### What the exercise asks
Given the entries below, would you transcribe exactly the lines starting at the one with "期間中、USAGI ONLI" and ending at the one with "Всыпать смесь белого, красного", both kept, pictures omitted, nothing extra?

### Dataset extract
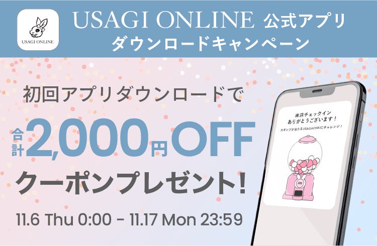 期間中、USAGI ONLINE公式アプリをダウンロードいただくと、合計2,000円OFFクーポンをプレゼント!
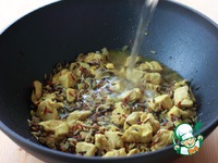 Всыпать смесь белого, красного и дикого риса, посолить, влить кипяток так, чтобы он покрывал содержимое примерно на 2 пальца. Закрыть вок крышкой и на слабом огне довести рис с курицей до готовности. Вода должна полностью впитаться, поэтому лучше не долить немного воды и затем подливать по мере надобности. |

* * *

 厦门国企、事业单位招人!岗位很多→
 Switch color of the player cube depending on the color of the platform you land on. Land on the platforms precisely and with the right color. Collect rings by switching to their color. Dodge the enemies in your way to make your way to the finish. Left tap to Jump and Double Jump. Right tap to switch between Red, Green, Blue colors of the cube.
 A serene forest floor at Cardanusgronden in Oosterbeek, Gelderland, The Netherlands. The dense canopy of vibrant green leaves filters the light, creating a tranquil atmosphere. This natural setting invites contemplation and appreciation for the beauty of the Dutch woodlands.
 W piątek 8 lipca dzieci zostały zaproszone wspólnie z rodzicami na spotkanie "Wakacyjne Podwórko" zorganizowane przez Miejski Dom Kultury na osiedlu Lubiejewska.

### Solution for this task
 期間中、USAGI ONLINE公式アプリをダウンロードいただくと、合計2,000円OFFクーポンをプレゼント!
 Всыпать смесь белого, красного и дикого риса, посолить, влить кипяток так, чтобы он покрывал содержимое примерно на 2 пальца. Закрыть вок крышкой и на слабом огне довести рис с курицей до готовности. Вода должна полностью впитаться, поэтому лучше не долить немного воды и затем подливать по мере надобности. |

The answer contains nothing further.